START GIVEN DATA
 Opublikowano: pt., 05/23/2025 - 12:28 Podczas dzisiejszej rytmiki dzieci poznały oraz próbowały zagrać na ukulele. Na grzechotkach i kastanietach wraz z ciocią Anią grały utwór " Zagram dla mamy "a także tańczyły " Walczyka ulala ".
END GIVEN DATA
START GIVEN DATA
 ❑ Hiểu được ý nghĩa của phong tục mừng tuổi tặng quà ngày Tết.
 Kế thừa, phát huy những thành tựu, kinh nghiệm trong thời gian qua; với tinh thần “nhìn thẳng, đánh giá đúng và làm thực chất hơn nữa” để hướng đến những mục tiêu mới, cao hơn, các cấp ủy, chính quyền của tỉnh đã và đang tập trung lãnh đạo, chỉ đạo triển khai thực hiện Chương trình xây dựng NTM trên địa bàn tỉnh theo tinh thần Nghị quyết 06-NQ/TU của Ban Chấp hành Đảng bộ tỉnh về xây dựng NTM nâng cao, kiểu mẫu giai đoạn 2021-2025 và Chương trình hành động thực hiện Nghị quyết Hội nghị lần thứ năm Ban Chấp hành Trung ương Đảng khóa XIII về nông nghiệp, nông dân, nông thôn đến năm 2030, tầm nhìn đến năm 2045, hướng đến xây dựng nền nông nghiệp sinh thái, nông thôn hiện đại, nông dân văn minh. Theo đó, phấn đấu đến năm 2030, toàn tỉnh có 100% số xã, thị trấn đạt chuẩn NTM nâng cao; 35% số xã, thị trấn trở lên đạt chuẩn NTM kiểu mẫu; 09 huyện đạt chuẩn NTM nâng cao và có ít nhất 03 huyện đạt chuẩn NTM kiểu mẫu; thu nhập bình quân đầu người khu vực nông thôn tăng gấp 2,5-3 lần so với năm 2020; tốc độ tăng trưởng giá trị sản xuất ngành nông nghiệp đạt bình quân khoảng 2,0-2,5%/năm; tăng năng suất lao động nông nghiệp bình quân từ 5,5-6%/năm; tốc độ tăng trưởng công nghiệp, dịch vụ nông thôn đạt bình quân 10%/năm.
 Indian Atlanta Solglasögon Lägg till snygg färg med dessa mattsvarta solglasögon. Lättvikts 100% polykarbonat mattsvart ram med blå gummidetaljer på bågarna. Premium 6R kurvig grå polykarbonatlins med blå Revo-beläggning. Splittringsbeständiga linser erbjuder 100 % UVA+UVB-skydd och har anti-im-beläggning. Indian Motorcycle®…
END GIVEN DATA
- _INSTRUCTIONS TO FOLLOW_: Please write out, exactly as they appear above, only the lines in the stretch from the line with "quà ngày Tết." through the line with "Indian Atlanta Solglasögon".

- _RESULT OF THIS TASK_:
 ❑ Hiểu được ý nghĩa của phong tục mừng tuổi tặng quà ngày Tết.
 Kế thừa, phát huy những thành tựu, kinh nghiệm trong thời gian qua; với tinh thần “nhìn thẳng, đánh giá đúng và làm thực chất hơn nữa” để hướng đến những mục tiêu mới, cao hơn, các cấp ủy, chính quyền của tỉnh đã và đang tập trung lãnh đạo, chỉ đạo triển khai thực hiện Chương trình xây dựng NTM trên địa bàn tỉnh theo tinh thần Nghị quyết 06-NQ/TU của Ban Chấp hành Đảng bộ tỉnh về xây dựng NTM nâng cao, kiểu mẫu giai đoạn 2021-2025 và Chương trình hành động thực hiện Nghị quyết Hội nghị lần thứ năm Ban Chấp hành Trung ương Đảng khóa XIII về nông nghiệp, nông dân, nông thôn đến năm 2030, tầm nhìn đến năm 2045, hướng đến xây dựng nền nông nghiệp sinh thái, nông thôn hiện đại, nông dân văn minh. Theo đó, phấn đấu đến năm 2030, toàn tỉnh có 100% số xã, thị trấn đạt chuẩn NTM nâng cao; 35% số xã, thị trấn trở lên đạt chuẩn NTM kiểu mẫu; 09 huyện đạt chuẩn NTM nâng cao và có ít nhất 03 huyện đạt chuẩn NTM kiểu mẫu; thu nhập bình quân đầu người khu vực nông thôn tăng gấp 2,5-3 lần so với năm 2020; tốc độ tăng trưởng giá trị sản xuất ngành nông nghiệp đạt bình quân khoảng 2,0-2,5%/năm; tăng năng suất lao động nông nghiệp bình quân từ 5,5-6%/năm; tốc độ tăng trưởng công nghiệp, dịch vụ nông thôn đạt bình quân 10%/năm.
 Indian Atlanta Solglasögon Lägg till snygg färg med dessa mattsvarta solglasögon. Lättvikts 100% polykarbonat mattsvart ram med blå gummidetaljer på bågarna. Premium 6R kurvig grå polykarbonatlins med blå Revo-beläggning. Splittringsbeständiga linser erbjuder 100 % UVA+UVB-skydd och har anti-im-beläggning. Indian Motorcycle®…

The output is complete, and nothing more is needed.